I doubt many of us fully understand how these drilling rigs operate. We understand that the fuel for our cars comes from the gas pump and, although we don’t like the price, the fuel is there for us nonetheless.

I think we need to understand a little more about the situation, even though we live far away from this horrible oil spill. Offshore drilling means the operation is out of sight of land. It all began on Sept. 9, 1947, when the first oil rig began pumping in the Gulf of Mexico. Since that time, the oil companies have developed five different types of drilling rigs all used for one purpose: to extract black gold from the bottom of the ocean.

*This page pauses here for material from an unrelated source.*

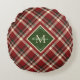 Rustic Christmas Plaid Green Monogram Name Holiday Round Cushion

The first type of oil rig is the fixed platform. This is an oil rig that is permanently anchored to the sea floor. In 1978, the deepest rig was set at 312 meters (1,025 feet) deep. In 1991, the Shell Oil Company anchored its Bullwinkle platform 412 meters (1,353 feet) beneath the Gulf of Mexico’s waters.

The second style of oil rig is called a submersible. This kind of oil rig is submerged while it is operating with the platform being the only structure above water line. This kind later can be refloated and moved to another drilling site.

The third style is the semi-submersible drilling platform. This style is partially submerged while drilling and is anchored by extremely long cables as well as stabilizing engines to maintain its position during drilling operations. It floats much as a fishing bobber floats while fishing.

The fourth type of drilling rig is called a jack-up. It is a drilling rig that has legs that extend much like the tower of a construction crane. The legs extend to the sea floor and then the whole rig is steadied by huge cables that are anchored in the sea floor as well.

The fifth kind of rig is a ship that is anchored over the drilling site during the operation and, when complete, can also be moved to other drilling sites.

There are more than 2,000 drilling units in the off-shore inventory. Among those are 10 submersibles, 166 semi-submersibles, 389 jack-ups and 40 drill ships, as well as 24 tenders to support the various operations.

As time goes by, the depths at which these oil rigs operate has increased significantly. In 1999, off the Norwegian coast, there was an oil rig operating at 340 meters (1,116 feet) deep. In 2005, in the Gulf of Mexico, there was a drilling rig operating at 2,133 meters (7,000 feet).

Gulf of Mexico oil rigs pump 1.5 million barrels of oil daily. That represents 25 percent of our own daily domestic oil supplies, which is 2 percent of daily global production.  

Although the Deepwater Horizon had a blow-out protector, it was inoperative when BP tried to activate it after the explosion and fire 70 days ago. The problem, as I see it, is that these drilling rigs need more redundancy in their capability to shut off the flow of oil when there is an emergency of the kind experienced by the Deepwater Horizon. The operators of these rigs need to test these safeguards periodically to ensure their effectiveness. If redundancy of the kind I’m speaking of doesn’t exist, then it needed to be developed 10 minutes ago.

Additionally, we Americans need to wean ourselves from the extreme use of fossils fuels and turn to more and cleaner alternative fuel sources. Doing so yesterday wouldn’t be soon enough for my liking.